You may also download the above code from here.

If you save the above code in a file called simplereader.py, assuming it is in the same directory as sample.csv, the following should be possible:

$ python simplereader.py
Preston Elliott Herman
Finnegan Braylon Randolph
Easton Fernando Hood
Logan Kinsley Kemp
Enter fullscreen mode Exit fullscreen mode

The python simplereader.py command runs the script we just wrote with Python.

Depending on your system, you may need to use python3 instead of python. If python -V doesn't show something like Python 3.8.5 (the 3 is the important part!), and python3 -V does, then use the latter instead.

Two additions in the above code are worth noting. When opening the file, we specify newline="" to enable universal newline support. The rationale is complex, and we won't dive into the many ways different operating systems historically handle newlines. Suffice it to say that you should generally specify newline="" when opening files for CSV handling. For more details, you may read about newline parameter in the offical docs.

The second addition is the character encoding.

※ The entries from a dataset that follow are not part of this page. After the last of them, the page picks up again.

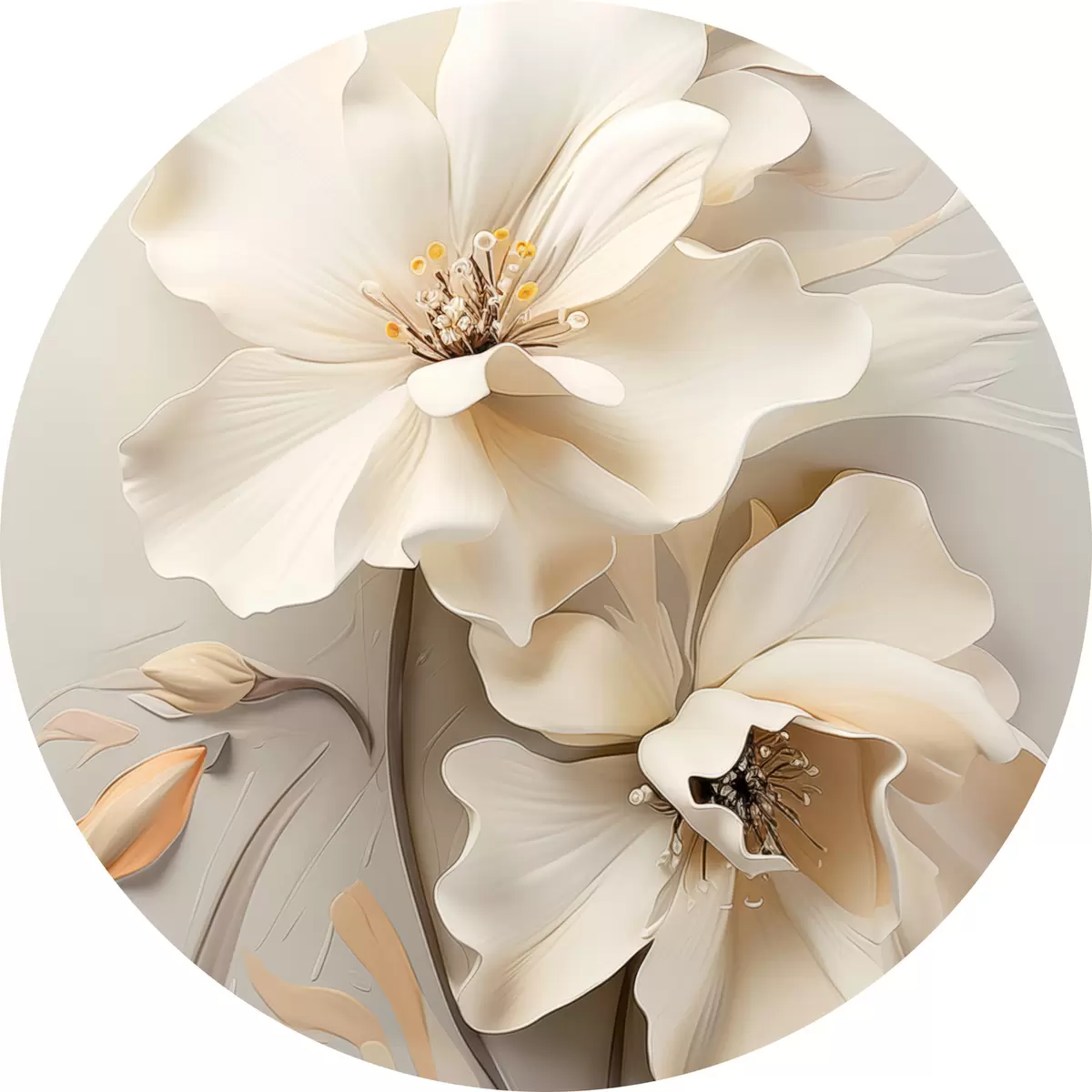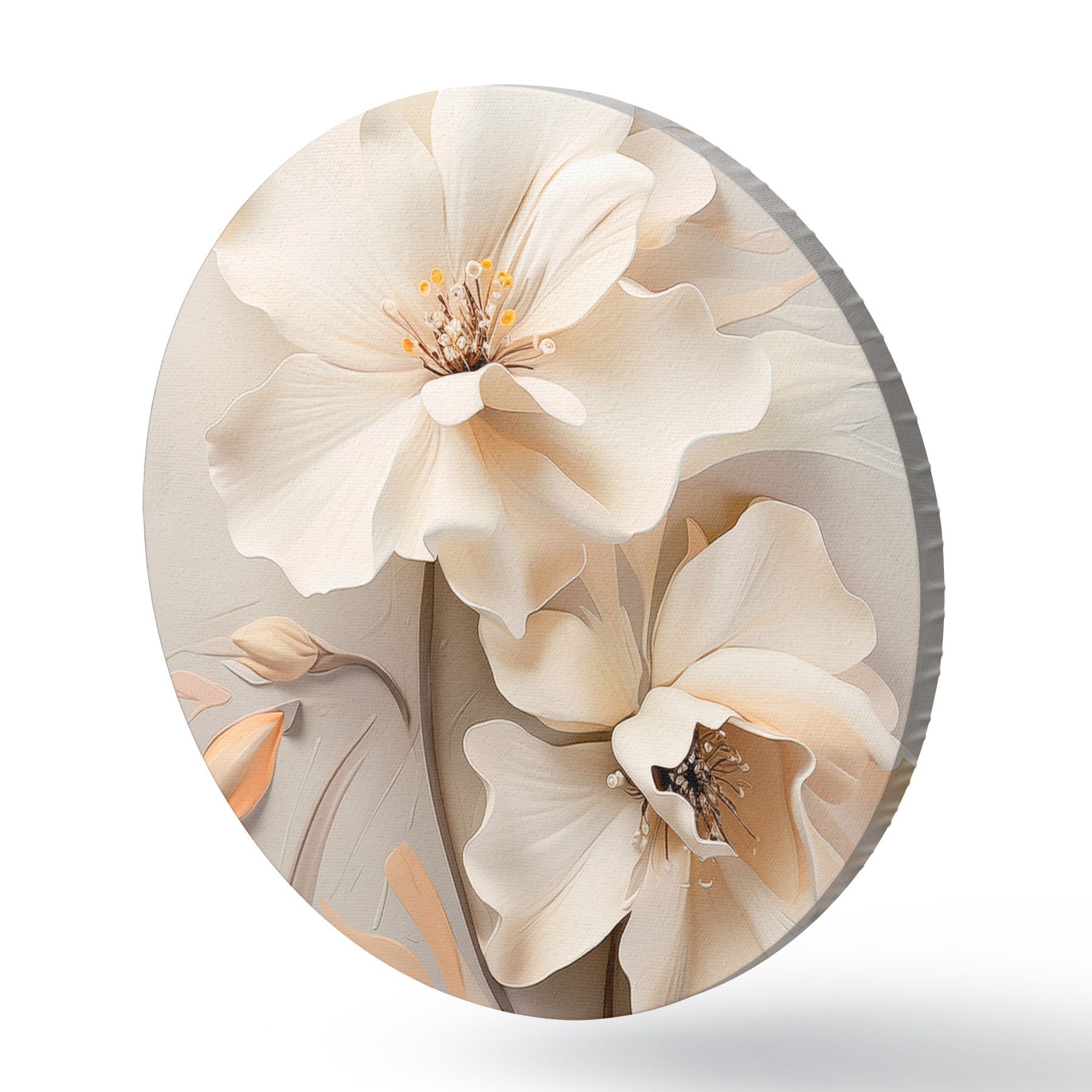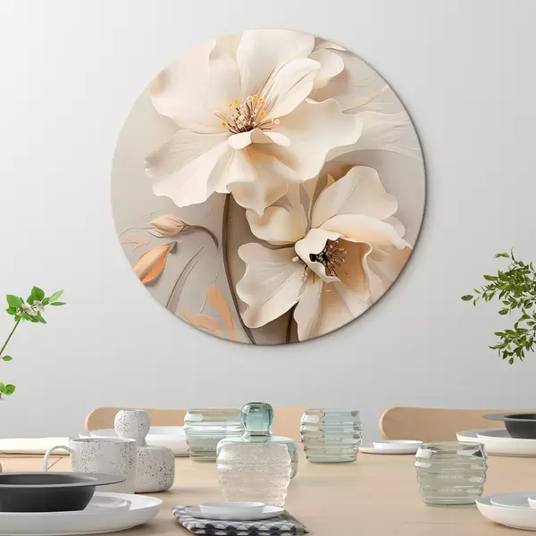 Ronde schilderijen Witte bloemen, bloemblaadjes met zachte schaduwen, lichtbeige achtergrond, elegante compositie, minimalistische stijl Nr r46700
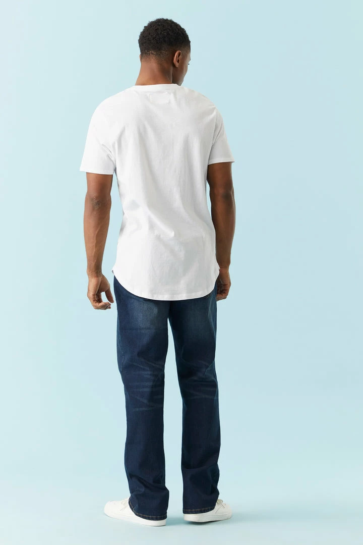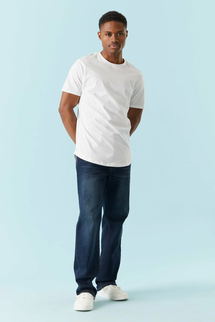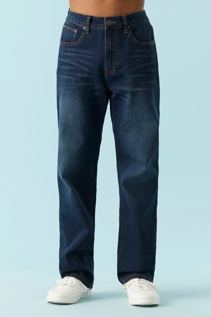 Take a step back and relax! Loosen up in these comfy fit jeans. This jean features zip-fly button-up closure, five pockets, relaxed fit, dark wash and belt loops.
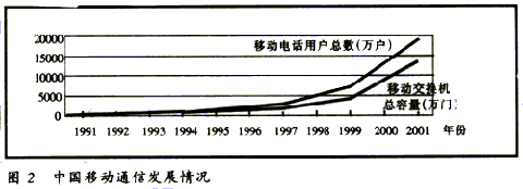 預計2001年中國移動通信用戶將新增4400萬戶以上,用戶總數將達到1.3億戶,移動交換機新增5000萬門,容量總數將達到1.8億門,市場總額為1000億元左右。另外,在2001年下半年,第三代移動通信網將投入建設和試驗,國際上3大系統(tǒng)(TD-SCDMA、W-CDMA、CDMA2000)將在中國進行試驗。中國移動數據網絡和業(yè)務將逐步展開,移動業(yè)務種類逐步增加。
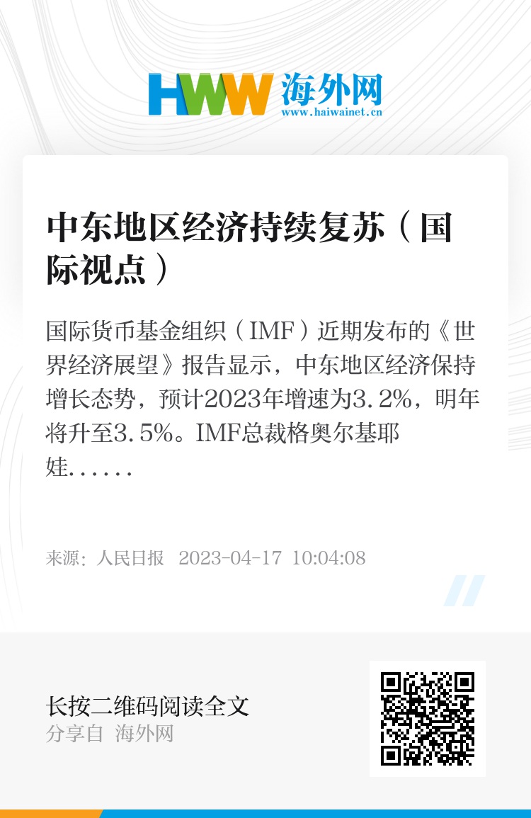 国际货币基金组织(IMF)近期发布的《世界经济展望》报告显示,中东地区经济保持增长态势,预计2023年增速为3.2%,明年将升至3.5%。IMF总裁格奥尔基耶娃表示,中东国家积极推进经济多元化,在吸引投资、鼓励创新、发展科技等领域开辟更广阔空间,在全球经济增长面临诸多不确定性因素时展现出较大韧性和潜力。

The importance of character encoding

We dare not neglect/ignore/assume character encoding, to put it mildly. It only works in the above case because our sample.csv happens to only have only ASCII characters. As soon as we add people with names such as "Miloš" and "María", and especially 张伟, then we need to think more carefully. Literally care-fully, because these choices do indeed convey care for real people, as well as the quality and functioning of real data and user interfaces.

Saying "I won't use a character encoding" is not only technically impossible, it is akin to complaining, "Why can't everyone just speak American?"

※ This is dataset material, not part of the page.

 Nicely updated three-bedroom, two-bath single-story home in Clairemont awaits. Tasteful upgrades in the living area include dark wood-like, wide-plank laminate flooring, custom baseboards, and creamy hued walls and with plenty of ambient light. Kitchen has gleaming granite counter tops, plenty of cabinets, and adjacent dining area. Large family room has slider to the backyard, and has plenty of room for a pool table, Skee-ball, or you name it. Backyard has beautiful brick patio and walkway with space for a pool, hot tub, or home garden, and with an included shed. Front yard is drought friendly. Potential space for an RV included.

In the above example, we specified utf-8-sig which will open and translate both vanilla UTF-8 text encodings, as well as files in which the UTF-8 encoding is signaled with a Beginning Of Message (BOM) character, such as in Microsoft Excel's new "CSV UTF-8" format.

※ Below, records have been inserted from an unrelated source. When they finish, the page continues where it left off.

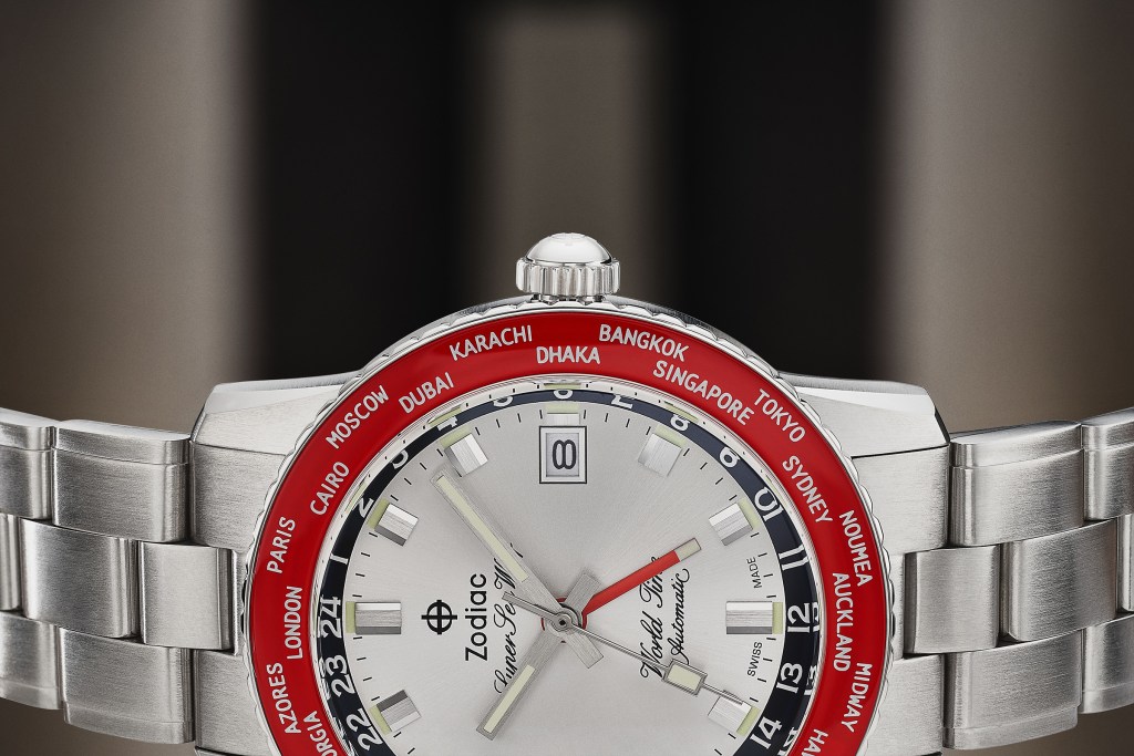 With their new Limited Edition Super Sea Wolf World Time Automatic Stainless Steel Watch collection, the historic Swiss brand Zodiac looked to their illustrious legacy to revive a classic design and apply fresh flourishes. Originally introduced in 1970, the Super Sea Wolf World Time became an icon of international travel for its stylish utility. The wristwatch pairs a traditional universal Greenwich Mean Time (GMT) indicator with a bi-directional rotating bezel that nods to 24 global cities. With a quick glance, wearers can track two timezones at once—and easily switch to others.
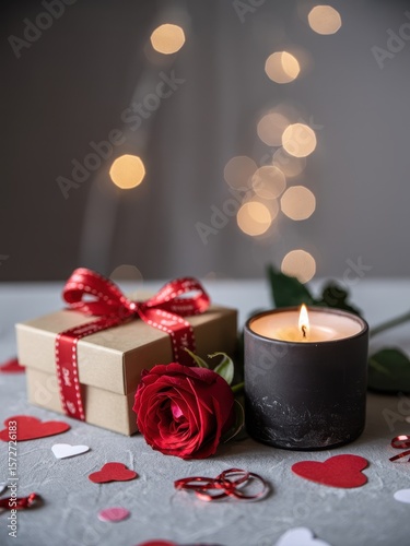Romantic Valentine's Day gift scene: candle, rose, and present.
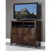 With an intricate design lending to the modern look of the Porter Collection, your bedroom will reflect your taste for sophisticated contemporary living. A warm walnut finish and the look of woven detailing highlight the natural wood grain of the veneer on the tv chest. Knob hardware blends effortlessly to create an unobtrusive accent to the case goods. Open media storage allows for quick and unobscured access to your entertainment consoles.
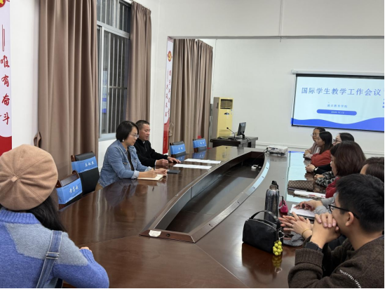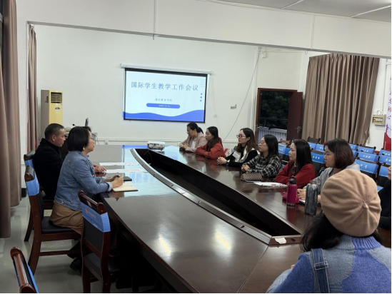 12月12日,通识教育学院组织召开国际学生教学管理专题工作会议。会议围绕国际学生管理办法学习、教育教学工作要求及国际学生课程设置等三个内容展开。学院党委书记、院长黄金来,教学副院长莫敏燕及全体承担国际学生教学任务的教师参加会议。

With files saved in the older, and more common, Microsoft Excel CSV format, the character encoding is likely "cp1252" which is a latin encoding.

In summary, always designate the character encoding. If you don't know the encoding of a CSV file you did not create, encoding options may be "cp1252", "utf-8", "utf-8-sig", possibly "iso-8859-1" or others. You may need to experiment.

When necessary, automatic detecting of a file's character encoding is possible by using a Python library such as chardet or the speedier cchardet. But that deserves a separate article.

Writing a CSV file

Creating a new CSV file is similar to reading one, in that we open the file in a context manager using the with statement, and we need to pay careful attention to character encoding. This time, however, we will:

  • Open the file in "w" mode, for writing
  • Pass in the field (column) names when instantiating csv.DictWriter
  • write the header with writeheader() before writing any rows
  • write the row(s) with new dictionaries

The following code demonstrates the above:

import csv
from pathlib import Path


outpath = Path("out/output.csv")
outpath.parent.mkdir(exist_ok=True)  # ensure the "out" directory exists

with outpath.open("w", newline="", encoding="utf-8-sig") as outfile:
    writer = csv.DictWriter(outfile, ["First", "Last"])
    writer.writeheader()
    new_row = {"First": "Jane", "Last": "Smith"}
    writer.writerow(new_row)
Enter fullscreen mode Exit fullscreen mode

You may also download the above code here.

(Note that we used utf-8-sig as the encoding, so that it opens well as a UTF-8 encoded CSV in Microsoft Excel. If you do not want the BOM character at the beginning of the file, you might change the encoding to just utf-8.)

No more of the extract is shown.